● **Activity**: Among the lines below, the one containing "화성FC는 제18회 화성특례시장기" opens the range and the one containing "ex) 4개의 샘플을" closes it. Print that range exactly, without the pictures.

● **Records to process**:
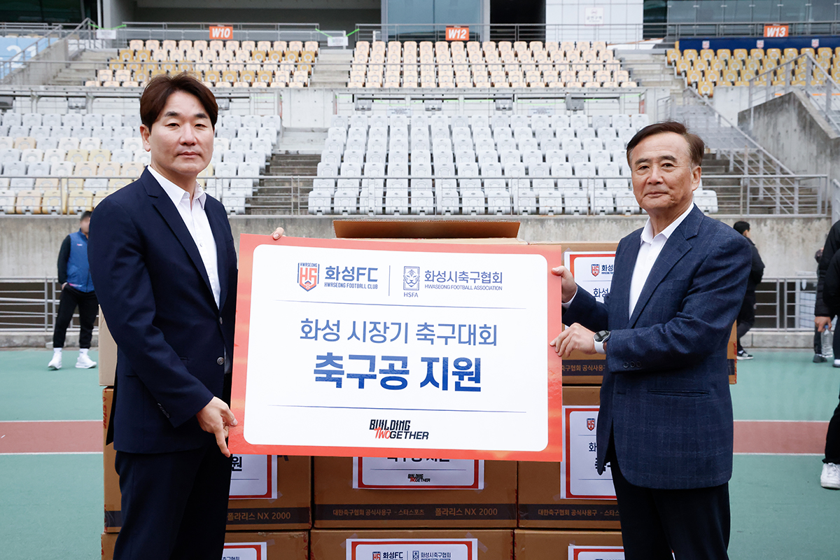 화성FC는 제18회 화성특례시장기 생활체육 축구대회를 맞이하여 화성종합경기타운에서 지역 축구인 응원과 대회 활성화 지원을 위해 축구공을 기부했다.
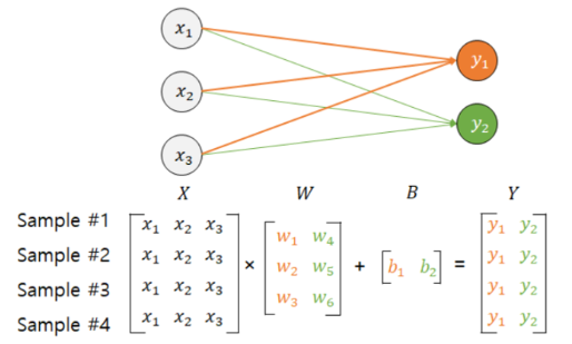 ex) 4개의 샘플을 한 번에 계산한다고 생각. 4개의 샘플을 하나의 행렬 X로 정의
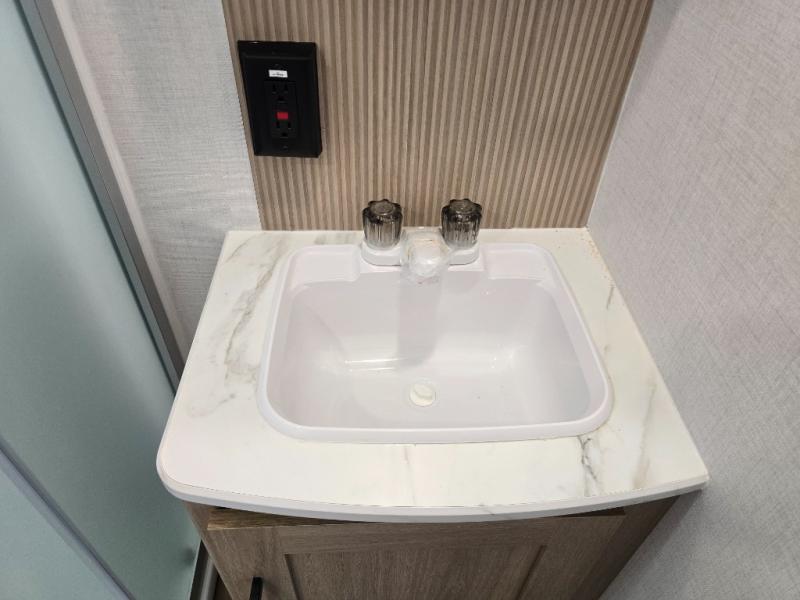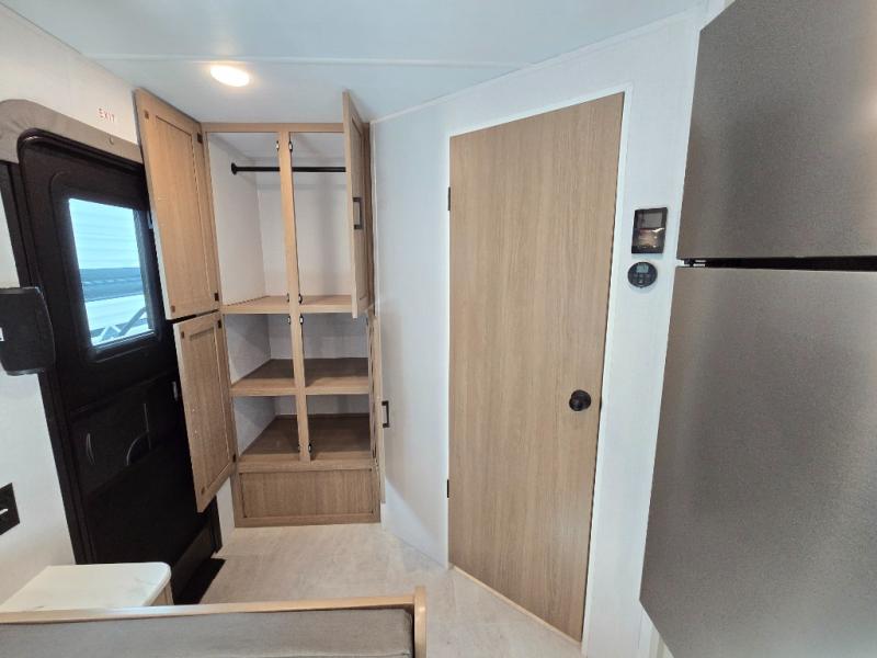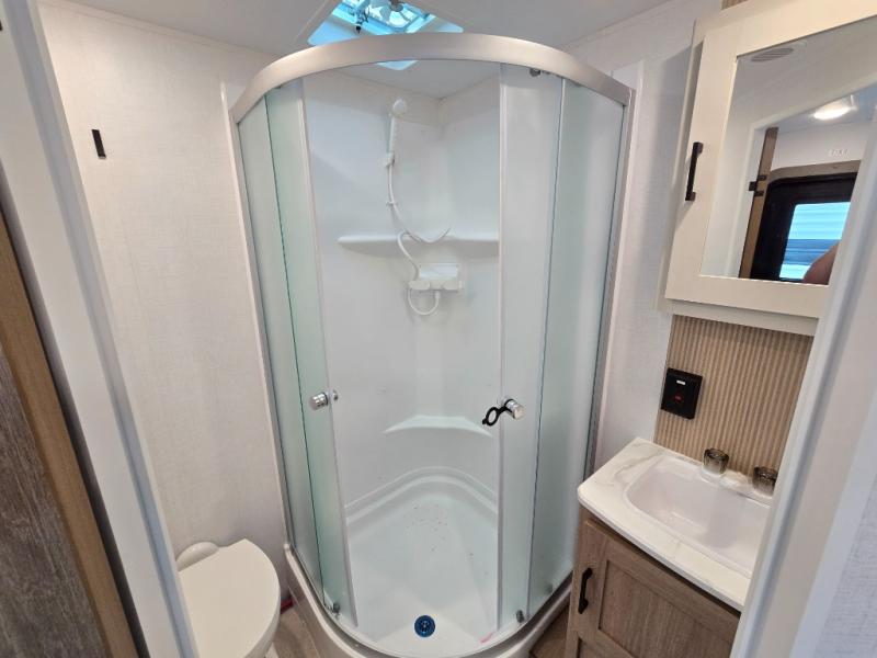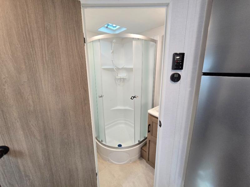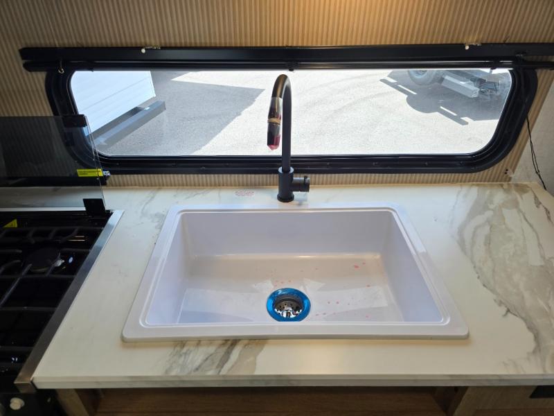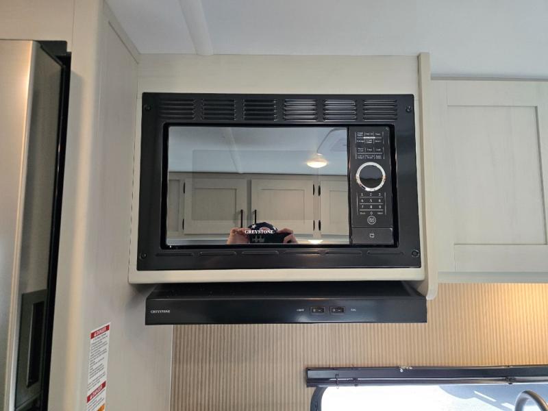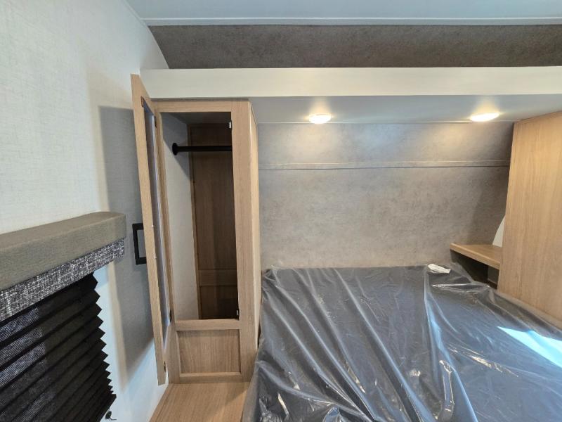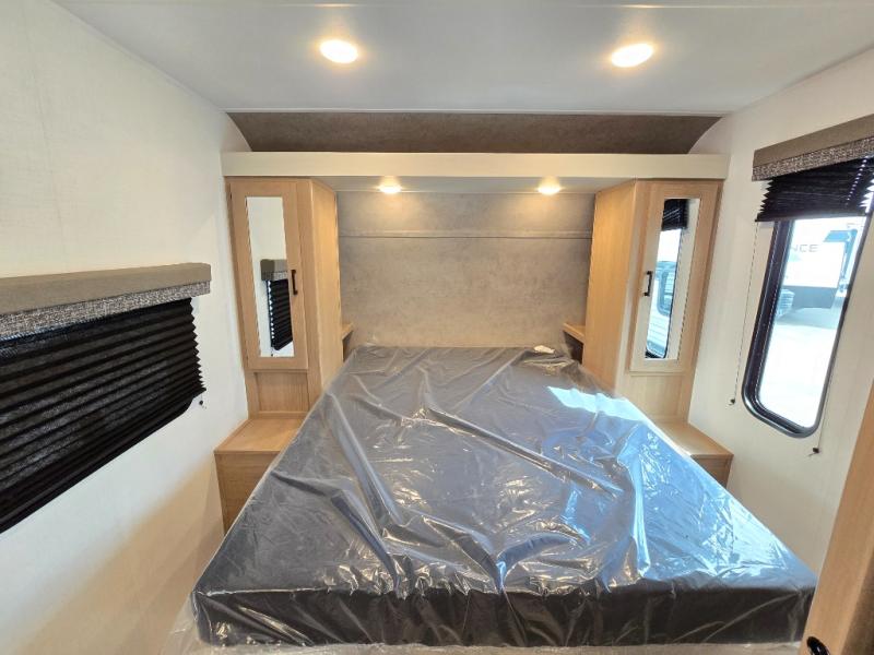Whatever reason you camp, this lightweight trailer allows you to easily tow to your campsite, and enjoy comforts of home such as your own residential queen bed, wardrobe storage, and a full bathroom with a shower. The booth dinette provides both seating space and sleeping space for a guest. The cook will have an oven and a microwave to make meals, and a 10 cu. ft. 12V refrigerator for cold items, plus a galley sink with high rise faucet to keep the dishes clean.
---
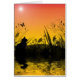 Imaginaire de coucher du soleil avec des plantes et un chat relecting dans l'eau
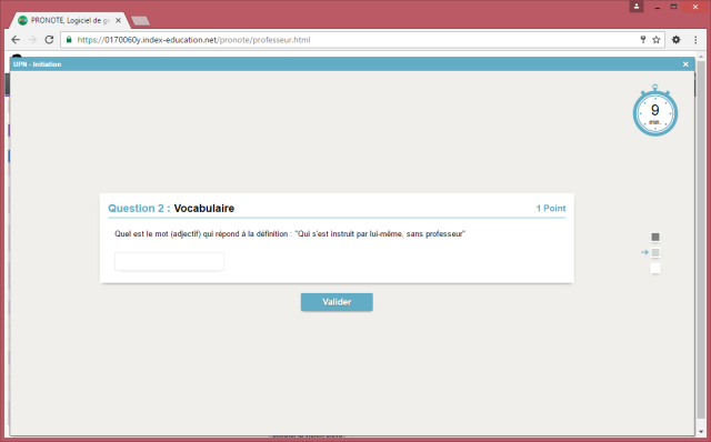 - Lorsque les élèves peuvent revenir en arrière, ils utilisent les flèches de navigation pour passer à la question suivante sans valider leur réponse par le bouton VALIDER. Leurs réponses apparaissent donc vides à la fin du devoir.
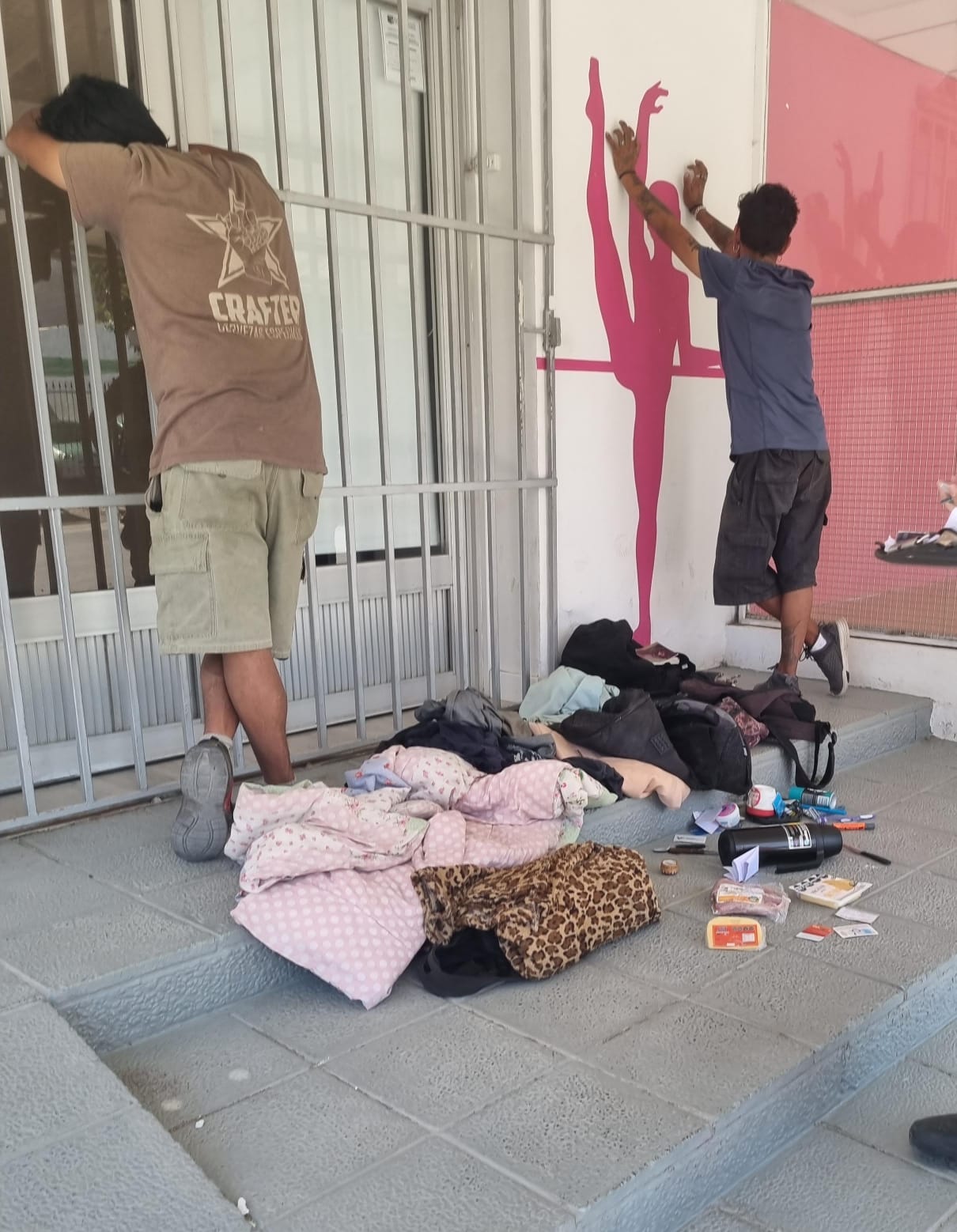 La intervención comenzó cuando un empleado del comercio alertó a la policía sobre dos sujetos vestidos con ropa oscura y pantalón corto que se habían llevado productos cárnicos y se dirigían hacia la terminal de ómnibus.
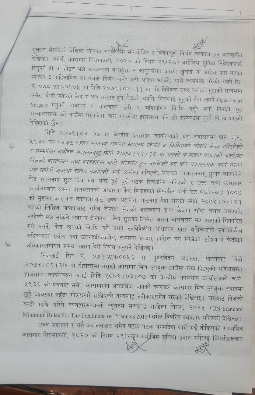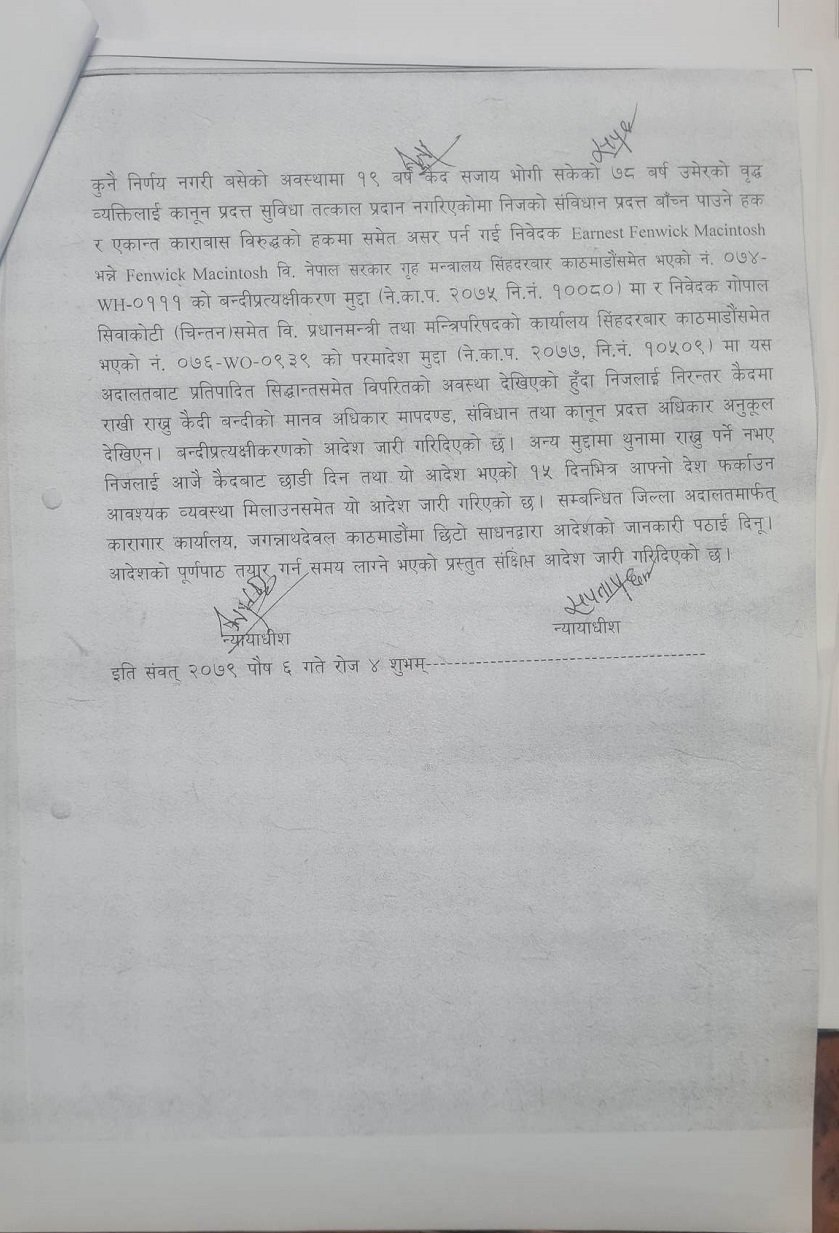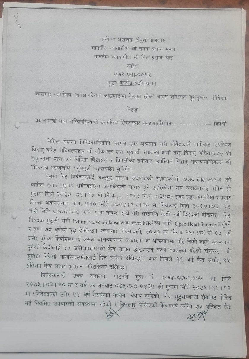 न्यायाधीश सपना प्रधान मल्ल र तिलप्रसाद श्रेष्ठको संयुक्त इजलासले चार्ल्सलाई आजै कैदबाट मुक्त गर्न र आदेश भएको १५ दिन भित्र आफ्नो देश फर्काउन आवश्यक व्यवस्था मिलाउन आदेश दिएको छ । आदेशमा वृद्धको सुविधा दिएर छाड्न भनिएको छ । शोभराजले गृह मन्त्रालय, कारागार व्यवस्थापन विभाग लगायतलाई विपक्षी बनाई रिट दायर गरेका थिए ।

● **Written response**:
 화성FC는 제18회 화성특례시장기 생활체육 축구대회를 맞이하여 화성종합경기타운에서 지역 축구인 응원과 대회 활성화 지원을 위해 축구공을 기부했다.
 ex) 4개의 샘플을 한 번에 계산한다고 생각. 4개의 샘플을 하나의 행렬 X로 정의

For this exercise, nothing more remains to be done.